This is my response to J. H. H. Weiler’s Towards a Common Law of International Trade.
In the EU, Art. 34 TFEU prohibits quantitative restrictions and measures with equivalent effect on intra trade. The ECJ played a crucial role in defining the scope and meaning of non-tariff barriers through landmark cases such as the Dassonville case (defining MEQR as any measure that obstructs the free movement of goods within the EU), the Cassis case (emphasising the need for mutual recognition as a means to eliminate indirect discrimination) and the Keck case (permitting each member state to apply its own sales modalities as long as they do not directly or indirectly discriminate between domestic and foreign goods).
In the WTO, the GATT regime consists of the three main features: (1) an obstacle-oriented prohibition on the point of entry and/or market access denial (Most Favoured Nation; Article XI); (2) a discrimination-oriented prohibition on internal market regulation (National Treatment; Article III:4); and (3) an overarching Derogation Clause (the General Exceptions of Article XX GATT) which applies equally to the provisions on market access and market regulation. As Luis correctly stated, the principle of MFN concerns discrimination (which is still subject to exceptions, including regional trade agreements) while the principle of NT applies once the imported goods enter the country’s territory.
It could be said that the EU and the WTO fundamentally share the same goal, to promote trade liberalisation and to encourage trade cooperation among its states. However, this goal is pursued quite differently in practice. The EU is a customs union without internal frontiers, complete with a complex institutional architecture of multi-level governance, where free movement of goods is only a subset of its functions. The WTO, on the other hand, is limited to its function of trade liberalisation, and its decision-making process is based on the consensus of 164 autonomous states. In J. H. H. Weiler’s words: The EU aims to be a single market with a uniform regulatory regime irrespective of national boundaries. The WTO envisages multiple markets, each following its own regulatory regime determined by national socio-economic choices, but allowing imported goods to compete without discrimination within those markets. This structural difference explains why the WTO distinguishes at-the-border and behind-the-border non-tariff measures while the EU prohibits all discriminatory trading rules and customs duties.

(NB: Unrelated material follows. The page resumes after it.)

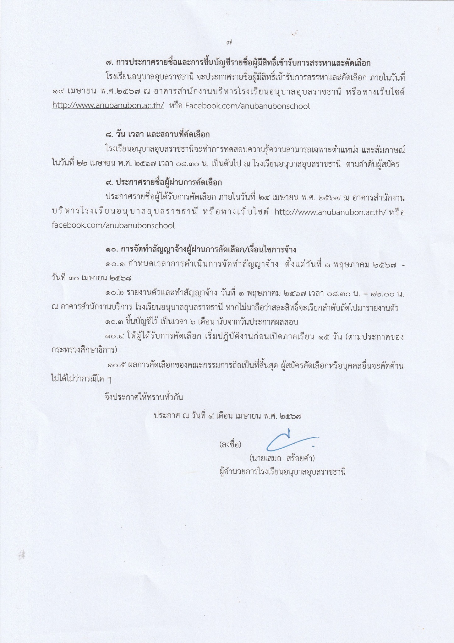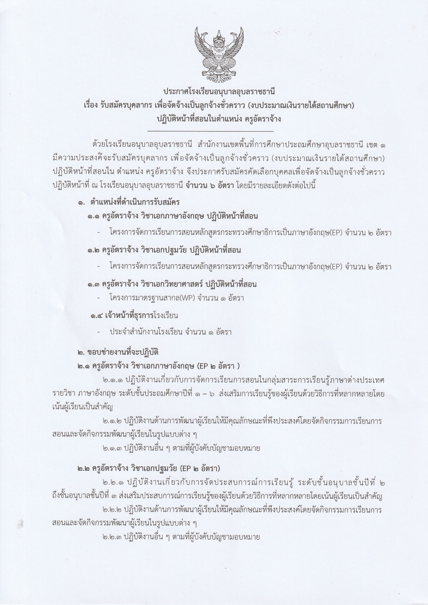 ที่มาประกาศ : เพจ โรงเรียนอนุบาลอุบลราชธานี

What intrigues me is the interaction between the WTO and the EU. The TFEU clauses on the internal market were mostly taken after the GATT articles, albeit with considerable nuance changes. The ECJ’s landmark rulings, in turn, influenced how the WTO’s AB views trade obstacles. According to Weiler, the Keck case represents the EU’s ‘bending’ towards the GATT’s National Treatment rationale, while the Hormones (US Beef) case represents the GATT’s bending towards the Obstacles rationale of the EU. The reasons behind the ECJ’s Keck ruling (while not all clearly made known), such as that two decades had passed since the Dassonville ruling, and Europe has become quite a different place with the adoption of the Single Market, further illustrate that rulings of the ECJ or the WTO AB are never set in stone, and they tend to influence one another.